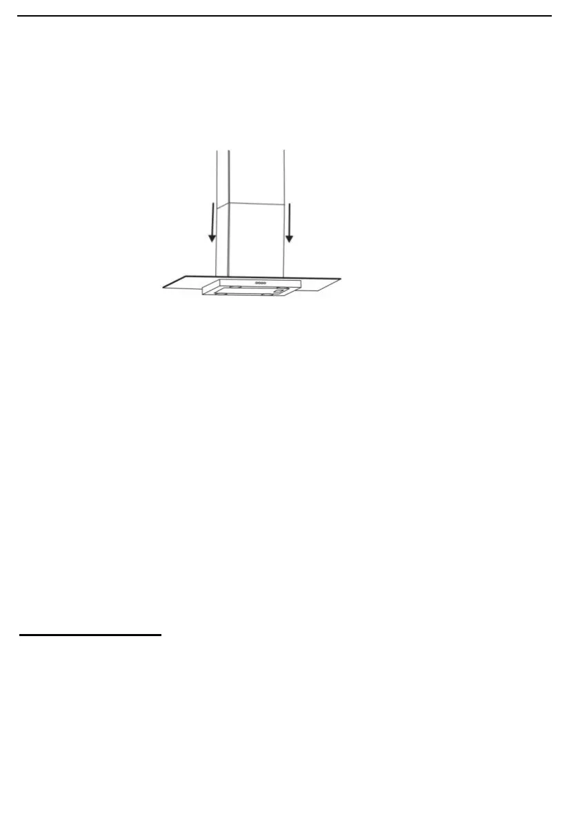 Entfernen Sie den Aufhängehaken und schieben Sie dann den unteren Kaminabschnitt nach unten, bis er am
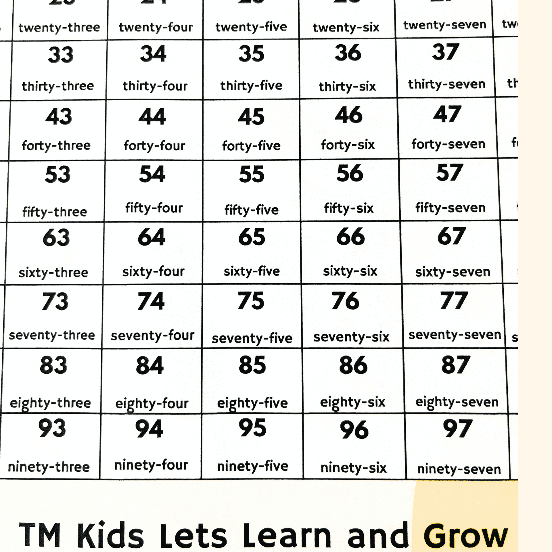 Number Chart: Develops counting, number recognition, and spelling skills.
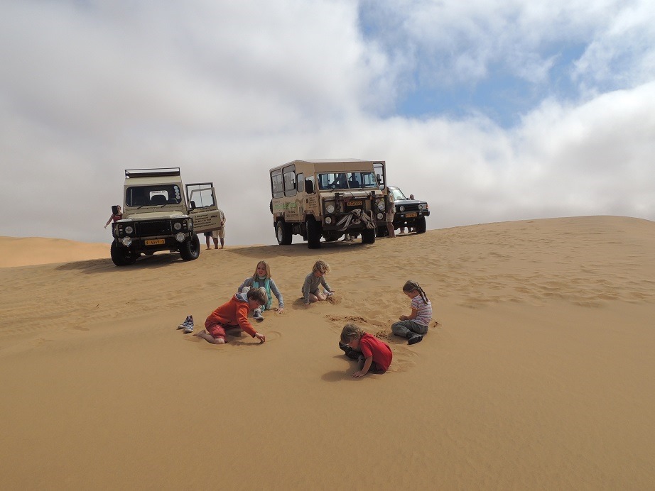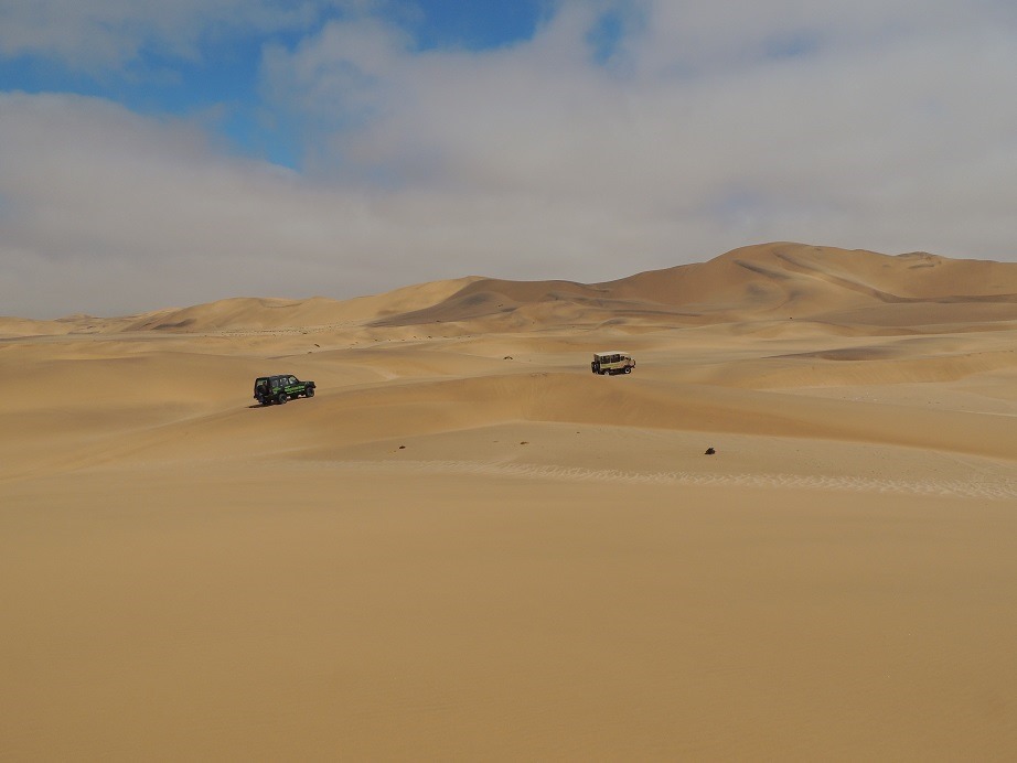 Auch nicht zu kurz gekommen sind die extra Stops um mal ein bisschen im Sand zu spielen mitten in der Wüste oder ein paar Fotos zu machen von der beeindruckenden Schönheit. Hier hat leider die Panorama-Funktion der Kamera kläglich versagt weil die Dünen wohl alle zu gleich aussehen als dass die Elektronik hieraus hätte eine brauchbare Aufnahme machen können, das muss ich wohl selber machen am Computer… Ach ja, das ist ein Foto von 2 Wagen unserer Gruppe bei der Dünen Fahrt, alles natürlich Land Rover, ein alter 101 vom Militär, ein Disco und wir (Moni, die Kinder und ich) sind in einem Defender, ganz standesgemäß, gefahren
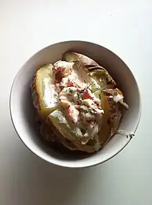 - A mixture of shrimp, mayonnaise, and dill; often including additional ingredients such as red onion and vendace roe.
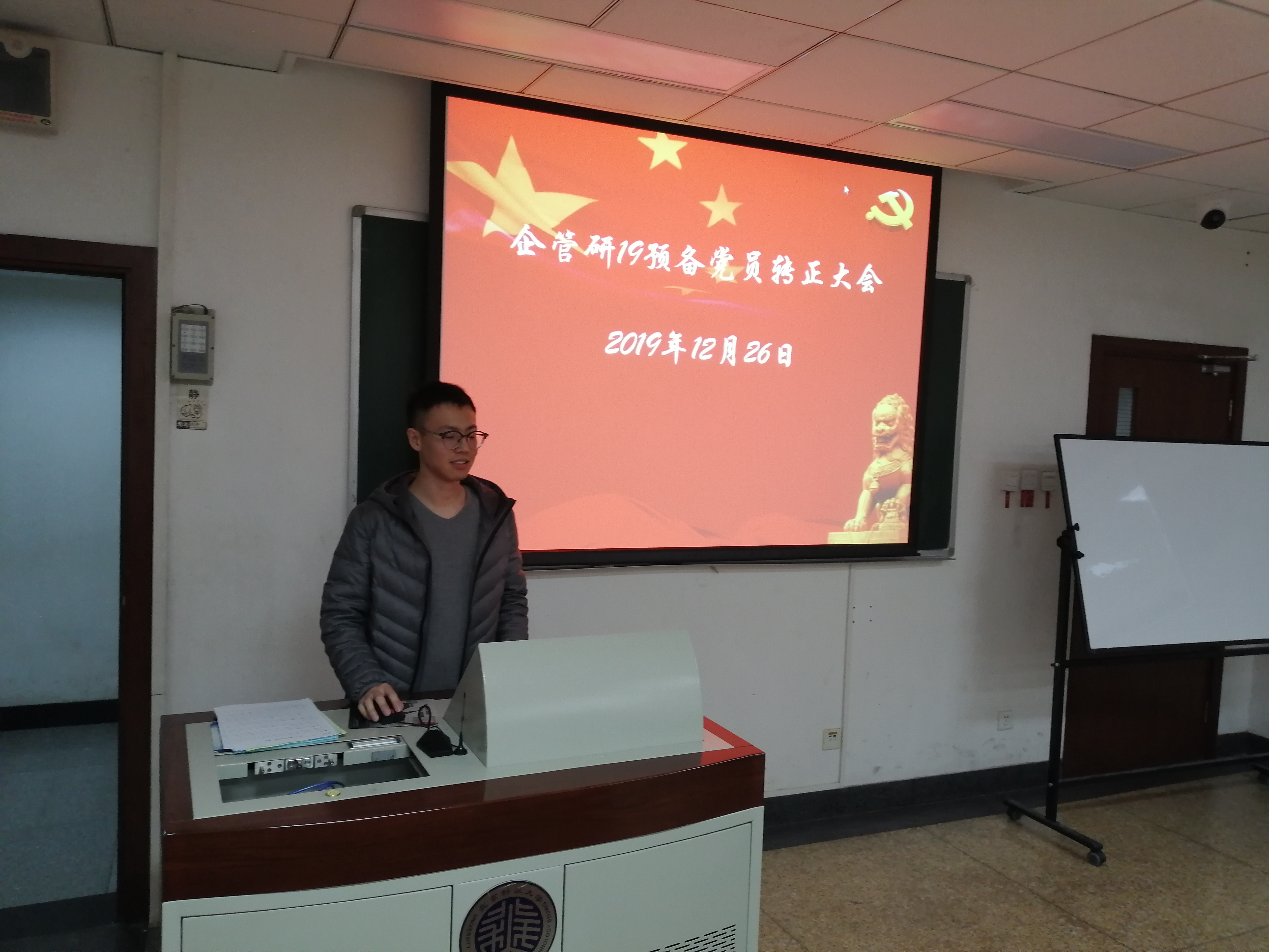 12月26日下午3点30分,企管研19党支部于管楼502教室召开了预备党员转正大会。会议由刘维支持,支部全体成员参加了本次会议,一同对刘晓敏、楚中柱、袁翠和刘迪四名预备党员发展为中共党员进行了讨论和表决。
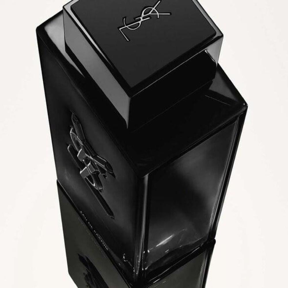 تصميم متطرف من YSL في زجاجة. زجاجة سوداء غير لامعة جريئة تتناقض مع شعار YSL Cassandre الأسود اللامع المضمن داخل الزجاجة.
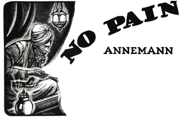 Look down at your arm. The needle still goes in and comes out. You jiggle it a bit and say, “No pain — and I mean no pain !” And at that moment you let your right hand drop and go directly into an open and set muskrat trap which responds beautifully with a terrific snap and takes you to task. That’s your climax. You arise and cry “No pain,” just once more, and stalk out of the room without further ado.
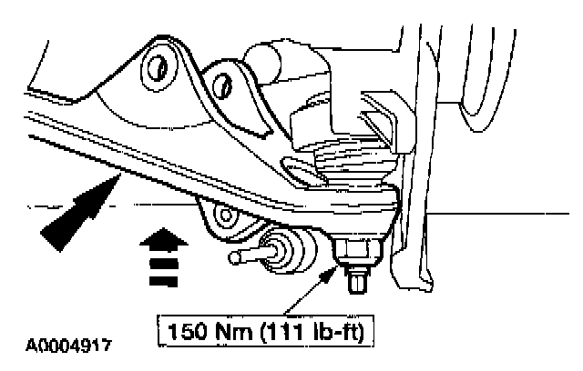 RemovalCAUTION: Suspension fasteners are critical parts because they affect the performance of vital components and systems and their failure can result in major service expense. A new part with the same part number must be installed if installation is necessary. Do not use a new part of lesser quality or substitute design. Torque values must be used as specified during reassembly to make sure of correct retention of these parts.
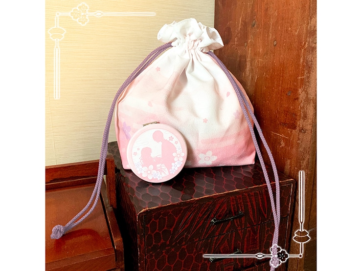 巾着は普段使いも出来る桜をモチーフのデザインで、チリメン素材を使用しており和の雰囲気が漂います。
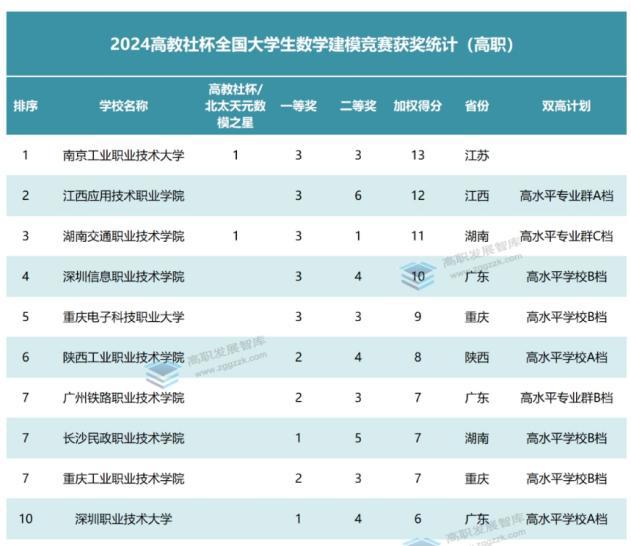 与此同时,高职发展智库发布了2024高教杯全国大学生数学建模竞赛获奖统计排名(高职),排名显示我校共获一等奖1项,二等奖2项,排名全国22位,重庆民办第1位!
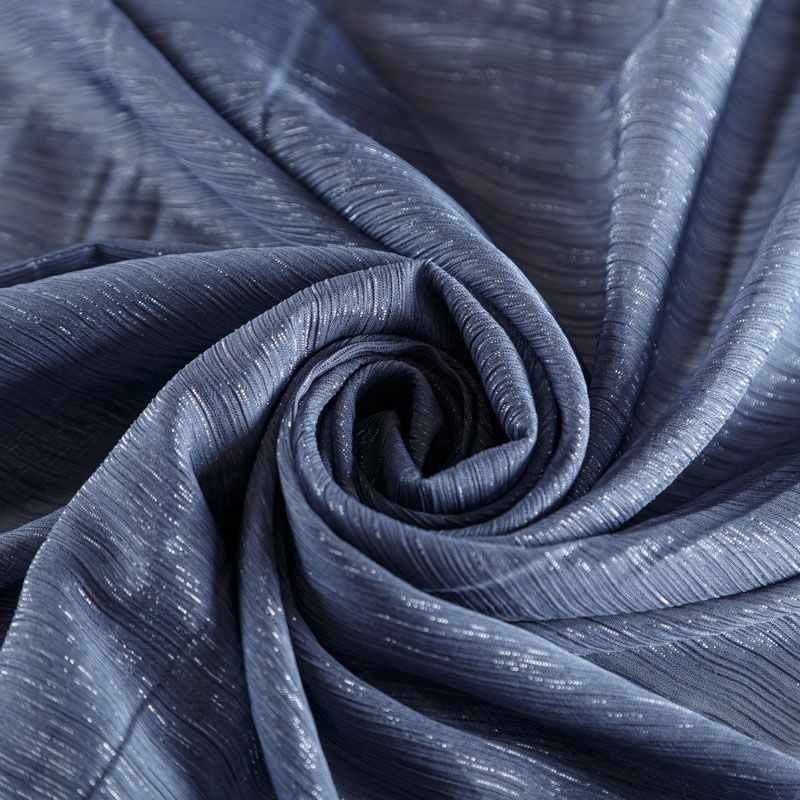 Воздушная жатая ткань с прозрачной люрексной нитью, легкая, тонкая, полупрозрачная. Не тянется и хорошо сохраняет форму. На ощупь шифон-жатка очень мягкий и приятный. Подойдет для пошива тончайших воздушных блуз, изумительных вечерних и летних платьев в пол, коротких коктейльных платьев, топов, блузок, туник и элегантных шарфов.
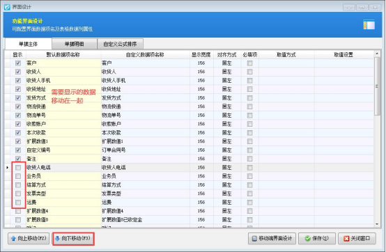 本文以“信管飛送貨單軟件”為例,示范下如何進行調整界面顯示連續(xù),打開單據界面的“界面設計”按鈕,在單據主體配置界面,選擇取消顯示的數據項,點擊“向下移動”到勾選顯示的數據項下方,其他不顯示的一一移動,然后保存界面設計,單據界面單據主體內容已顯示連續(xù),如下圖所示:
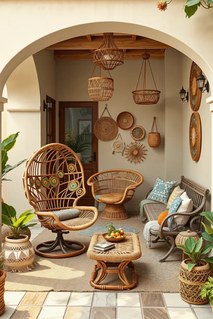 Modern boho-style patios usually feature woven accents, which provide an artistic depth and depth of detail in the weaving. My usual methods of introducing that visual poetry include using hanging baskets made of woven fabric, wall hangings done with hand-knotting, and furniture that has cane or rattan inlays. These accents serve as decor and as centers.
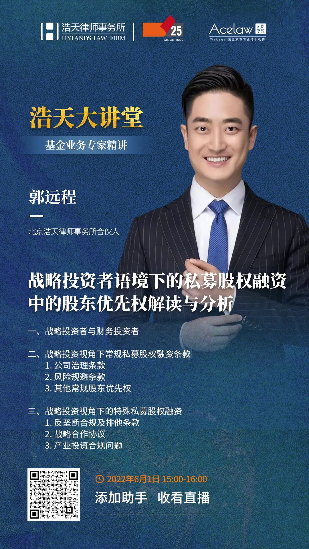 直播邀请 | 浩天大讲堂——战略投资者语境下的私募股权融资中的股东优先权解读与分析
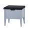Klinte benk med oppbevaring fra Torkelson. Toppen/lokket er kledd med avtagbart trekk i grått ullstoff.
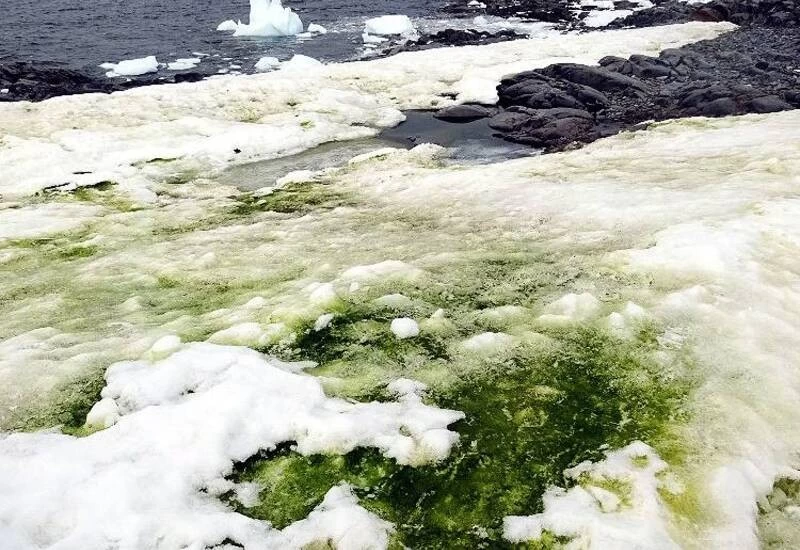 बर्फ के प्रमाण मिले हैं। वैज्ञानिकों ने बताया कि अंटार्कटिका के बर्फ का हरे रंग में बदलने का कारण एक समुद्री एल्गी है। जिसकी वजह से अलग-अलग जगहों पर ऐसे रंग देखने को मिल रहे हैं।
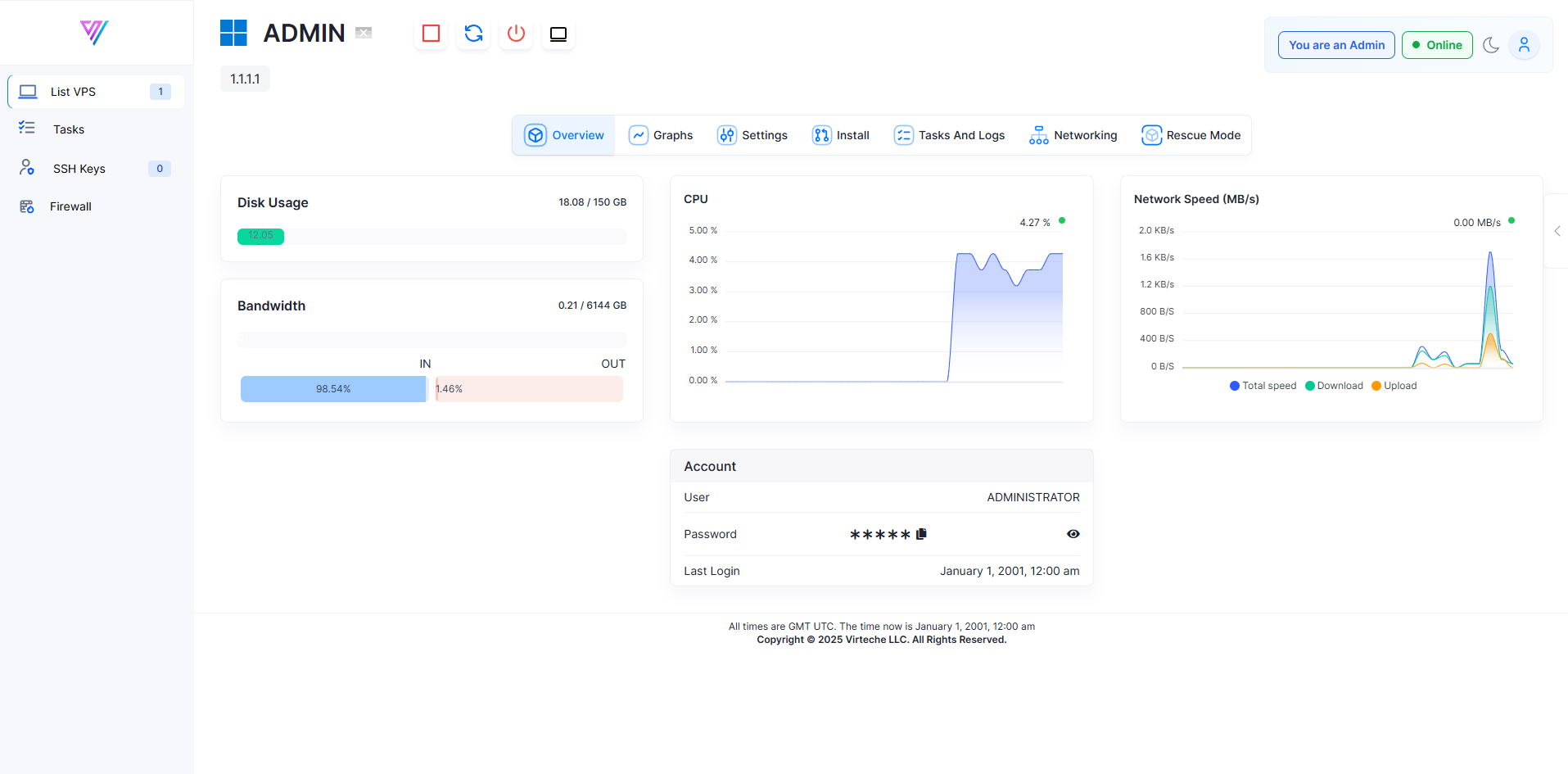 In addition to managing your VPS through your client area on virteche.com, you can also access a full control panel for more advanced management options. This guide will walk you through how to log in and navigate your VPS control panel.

▶ **Work to complete**: Pictures excluded, copy the lines exactly from where the material starts to the line with "与此同时,高职发展智库发布了", inclusive.

▶ **Response below**:
 Entfernen Sie den Aufhängehaken und schieben Sie dann den unteren Kaminabschnitt nach unten, bis er am
 Number Chart: Develops counting, number recognition, and spelling skills.
 Auch nicht zu kurz gekommen sind die extra Stops um mal ein bisschen im Sand zu spielen mitten in der Wüste oder ein paar Fotos zu machen von der beeindruckenden Schönheit. Hier hat leider die Panorama-Funktion der Kamera kläglich versagt weil die Dünen wohl alle zu gleich aussehen als dass die Elektronik hieraus hätte eine brauchbare Aufnahme machen können, das muss ich wohl selber machen am Computer… Ach ja, das ist ein Foto von 2 Wagen unserer Gruppe bei der Dünen Fahrt, alles natürlich Land Rover, ein alter 101 vom Militär, ein Disco und wir (Moni, die Kinder und ich) sind in einem Defender, ganz standesgemäß, gefahren
 - A mixture of shrimp, mayonnaise, and dill; often including additional ingredients such as red onion and vendace roe.
 12月26日下午3点30分,企管研19党支部于管楼502教室召开了预备党员转正大会。会议由刘维支持,支部全体成员参加了本次会议,一同对刘晓敏、楚中柱、袁翠和刘迪四名预备党员发展为中共党员进行了讨论和表决。
 تصميم متطرف من YSL في زجاجة. زجاجة سوداء غير لامعة جريئة تتناقض مع شعار YSL Cassandre الأسود اللامع المضمن داخل الزجاجة.
 Look down at your arm. The needle still goes in and comes out. You jiggle it a bit and say, “No pain — and I mean no pain !” And at that moment you let your right hand drop and go directly into an open and set muskrat trap which responds beautifully with a terrific snap and takes you to task. That’s your climax. You arise and cry “No pain,” just once more, and stalk out of the room without further ado.
 RemovalCAUTION: Suspension fasteners are critical parts because they affect the performance of vital components and systems and their failure can result in major service expense. A new part with the same part number must be installed if installation is necessary. Do not use a new part of lesser quality or substitute design. Torque values must be used as specified during reassembly to make sure of correct retention of these parts.
 巾着は普段使いも出来る桜をモチーフのデザインで、チリメン素材を使用しており和の雰囲気が漂います。
 与此同时,高职发展智库发布了2024高教杯全国大学生数学建模竞赛获奖统计排名(高职),排名显示我校共获一等奖1项,二等奖2项,排名全国22位,重庆民办第1位!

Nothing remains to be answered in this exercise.